Pregnancy Center Flyers Cause Controversy
4 min readBY LANDON JAMES
The Mary Washington chapter of VOX, Voices for Planned Parenthood, is initiating a controversial abortion rights campaign on campus that questions the credibility of crisis pregnancy centers in the area.
Anna Halbrooks-Fulks, founder and assistant president of VOX, and National Abortion and Reproductive Rights Action League (NARAL) campus intern, is spearheading a new campus-wide movement against the crisis pregnancy centers and their methods of care.
The campaign, “Support Without Shame,” focuses on claims that centers make women feel guilty for the decisions they have made, instead of providing the support and counsel they claim to offer. In conjunction with NARAL, the campaign is broken up into two divisions, a grassroots campaign and a legislative campaign, according to Halbrooks-Fulks.
Halbrooks-Fulks said that the grassroots campaign aims to inform the UMW community about pregnancy options, including the crisis pregnancy centers. The legislative campaign focuses on removing all crisis pregnancy center flyers from campus and requiring any future advertisements to include disclaimers explaining that they are not licensed medical facilities and cannot refer patients to comprehensive medical facilities.
“It is important to us that women are not shamed about their reproductive health and that they have the tools they need to make informed, healthy decisions,” Halbrook-Fulks said. “We want women to have support no matter what they decide to do.”
The campaign will also focus on crisis pregnancy center flyers recently hung around the UMW campus with messages such as, “Pregnant? Scared? Need help?” encouraging women to seek help at these centers.

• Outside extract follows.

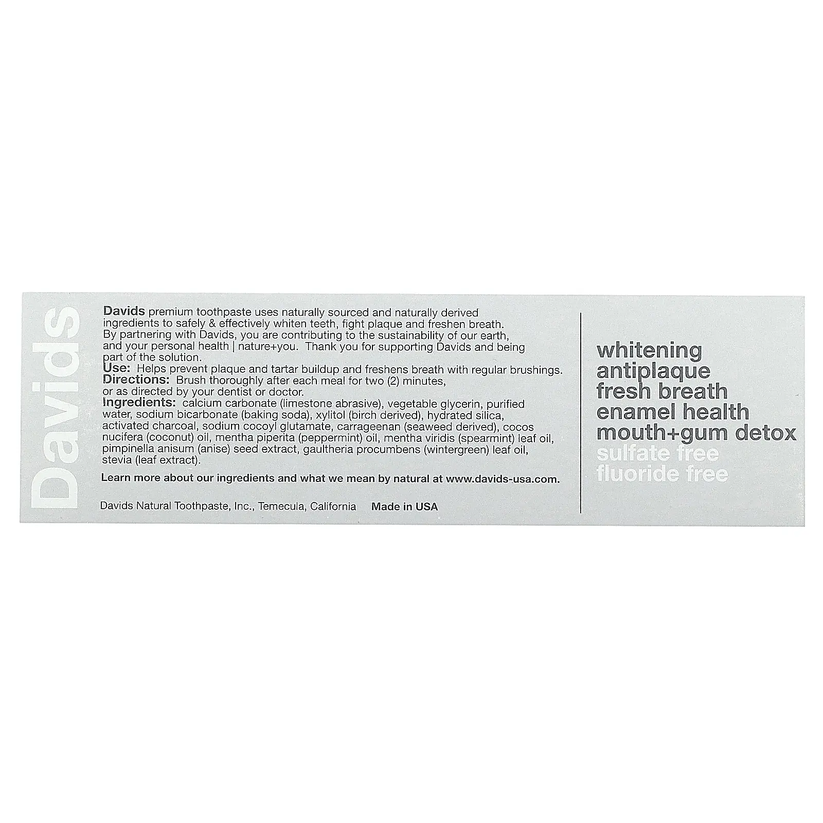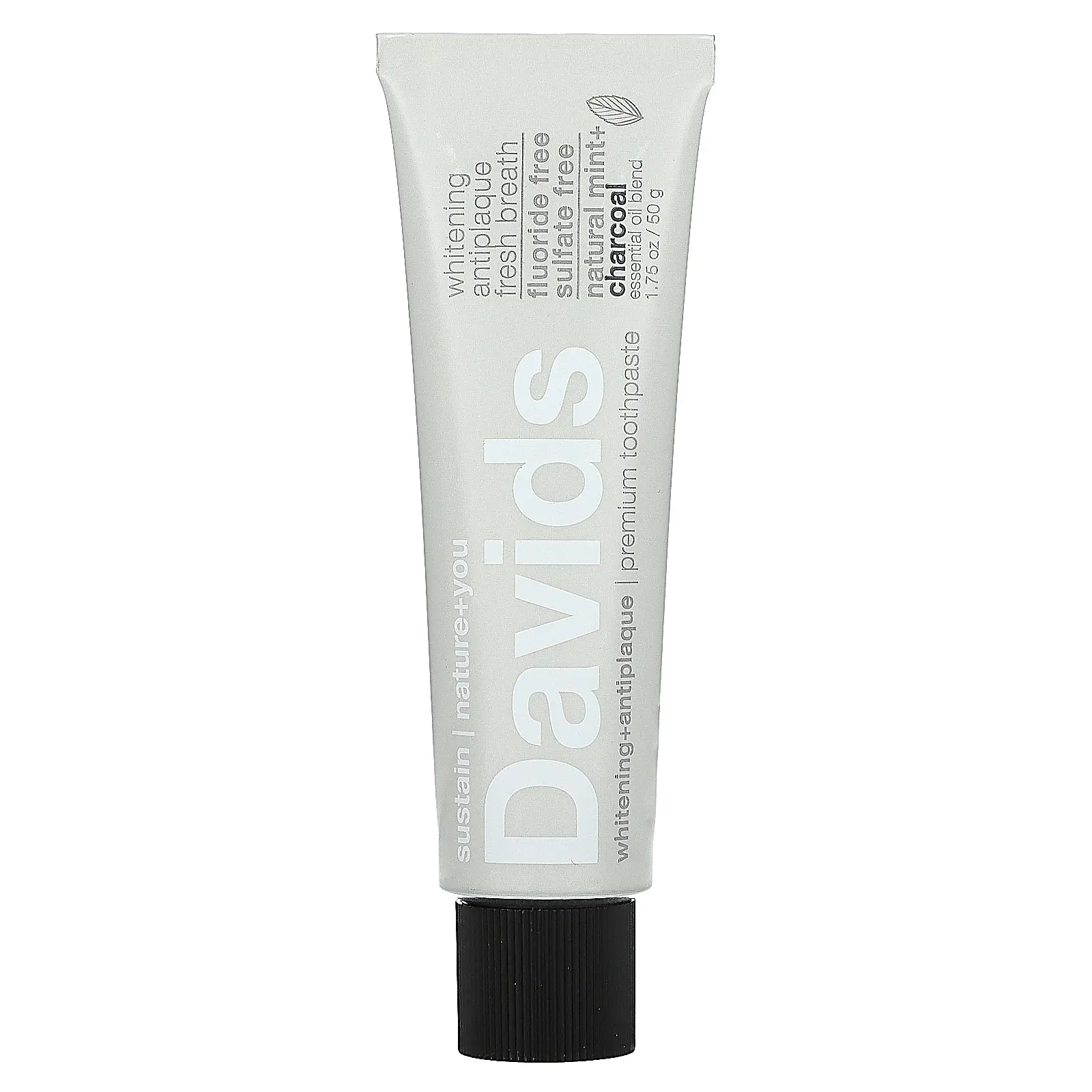 5. Davids Premium Toothpaste, Whitening + Antiplaque, Natural Mint + Charcoal, 1.75 oz (50 g)
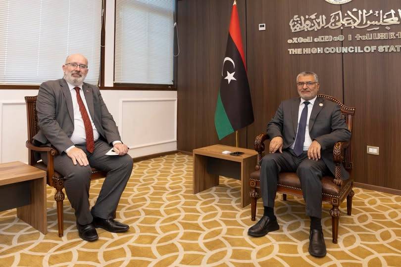 في غضون ذلك، استعرض رئيس المجلس الأعلى للدولة، محمد تكالة، خلال اجتماعه، الأربعاء، بطرابلس مع السفير البريطاني مارتن لونغدن: «مستجدات الأوضاع السياسية في البلاد، وسبل إنهاء حالة الجمود السياسي، والخروج من المراحل الانتقالية من خلال انتخابات حرة ونزيهة، تعبر عن تطلعات الشعب الليبي».

Over the course of the past year, NARAL representatives conducted an undercover study where they visited the 250 crisis pregnancy centers in Virginia and spoke with women who had visited these centers and what their experiences were. The information collected from this study supports the legislative aspect of VOX’s new campaign, according to Halbrooks-Fulks.
According to Halbrook-Fulks, women who have attended these crisis pregnancy centers found that they often exhibit religious and political agendas specifically targeting students, women of color, lower income and those whose second language is not English.
VOX, Latin for “voice,” is a women’s pro-choice club that deals with raising sexual health awareness regarding unplanned pregnancies. They are a chapter of Voices for Planned Parenthood.
Fredericksburg has three crisis pregnancy centers. Of the NARAL representatives who visited the centers throughout the commonwealth, Deputy Director Emily Polak visited Bethany Christian Services on Stafford Avenue.
“Their ultimate goal is to have potential clients meet in person instead of over the phone,” Polak said regarding her interactions with Bethany staff. “Phone conversations are evasive and deceive women in to visiting the centers for services they don’t actually provide. They didn’t listen to what my best interests were at the time.”
According to NARAL, the Bethany Center said, “Many women who have had an abortion now have bad flashbacks whenever they hear a vacuum cleaner.” NARAL and VOX claim this is an example of medically inaccurate information the centers are giving.
Gloria Whitley, nurse manager at Bethany, denied the claim that every woman who has had an abortion experiences these flashbacks.
“Some of our clients have reported experiencing these painful memories after receiving suction abortion,” Whitley said.
Gloria Whitley, who has been at Bethany for five years, feels the NARAL study was done under false pretences. Whitley confirmed that Bethany is a Christian anti-abortion facility, which is why staff do not refer clients to centers that provide abortion.
“We’re more than anti-abortion, we’re pro-life,” Whitley said. “We care about women, families and babies.”
Whitley said Bethany staff never try to force clients to make a certain decision and that the ultimate choices are always up to the clients. According to Whitley, choices and options are the ultimate concerns of those at the Bethany Center.
Jonathan Shields, president of the Young Democrats, supported VOX’s efforts.
“Women who are faced with the difficult reality of an unplanned pregnancy should be able to make decisions with as much unbiased and factual information as possible,” Shields said. “VOX has worked hard to make sure those confronting that reality can make educated choices for themselves.”
However, not everyone on campus agrees with VOX.
Virginia Osella, secretary for UMW’s chapter of Students for Life, feels that VOX’s flyer campaign is going too far.
“We don’t feel a flyer is any danger to a woman on campus,” Osella said. “We don’t censor VOX’s flyers so we would hope they would represent our freedom of speech.”
Students For Life is a pro-life organization that educates college students about the issues of abortion, euthanasia and infanticide.
Osella said the centers do not misinform or endanger women who come to them for guidance.
Cally Myhrum, president of InterVarsity Christian Fellowship, does not agree with the abortion rights campaign, but agrees with the idea of supporting women.
“We believe that abortion is an act of murder, whether it’s born or unborn you’re taking a life,” Myhrum said. “If somebody in our community had the experience we would do everything we could to care for them and encourage them to keep the baby.”